1. A method for selectively removing zinc from a zinc-bearing copper concentrate using microorganisms, comprising the steps of:

(1) Pretreating zinc-containing copper concentrate;

(2) Preparing the zinc-containing copper concentrate after pretreatment into ore pulp;

(3) Inoculating ore leaching microorganisms into the ore pulp, adding nutrient substances, and then stirring and leaching;

(4) And carrying out solid-liquid separation on the leached ore pulp to obtain the low-zinc high-grade copper concentrate and the zinc-containing leaching solution after selective zinc removal.

2. the method according to claim 1, wherein in step (1), the zinc grade of the zinc ~ containing copper concentrate is lower than 22%, and the copper grade is 16% ~ 33%.

3. The method of claim 1, wherein: in the step (1), the pretreatment method comprises concentrate regrinding and reagent removal, and the granularity of the treated ore is less than or equal to 0.1mm and accounts for more than 99%.

4. The method of claim 1, wherein: in the step (2), the concentration of the ore pulp is less than or equal to 30%.

5. The method of claim 1, wherein: in the step (3), the nutrient substances are soluble salt containing ferrous iron, nitrogen, phosphorus, potassium, magnesium and calcium and elemental sulfur.

6. the method of claim 1, wherein: in the step (3), the microorganism is one or more of acidithiobacillus ferrooxidans, leptospirillum ferrooxidans and leptospirillum ferriphilum.

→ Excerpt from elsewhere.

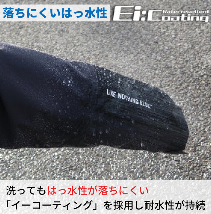 洗ってもはっ水性が落ちにくい「イーコーティング」を採用し耐水性が持続
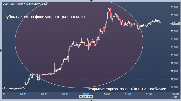 Рубль отметился к доллару на минимуме с 15 мая, 73,59, а к евро - на минимуме с 1 апреля, 86,50. К 11:35 мск пара доллар/рубль расчетами “завтра” была на уровне 73,43, и рубль теряет 1,4% от уровня предыдущего биржевого закрытия. В паре с евро рубль дешевеет на 1% до 86,29.

7. the method according to claim 1, characterized in that in the step (3), the pH of the ore pulp is adjusted to be less than or equal to 5.0 during leaching, and the temperature during leaching is controlled to be 20 ~ 90 ℃.

8. the method according ~ claim 1, wherein the stirring speed in the step (3) is 15 ~ 750 rpm.

9. the method according to claim 1, wherein in the step (3), the potential of a leaching system in the agitation leaching process is controlled to be 350 ~ 850mV relative to a saturated silver/silver chloride electrode.

10. The method of claim 1, wherein: in the step (3), the stirring leaching time is more than or equal to 0.5 h.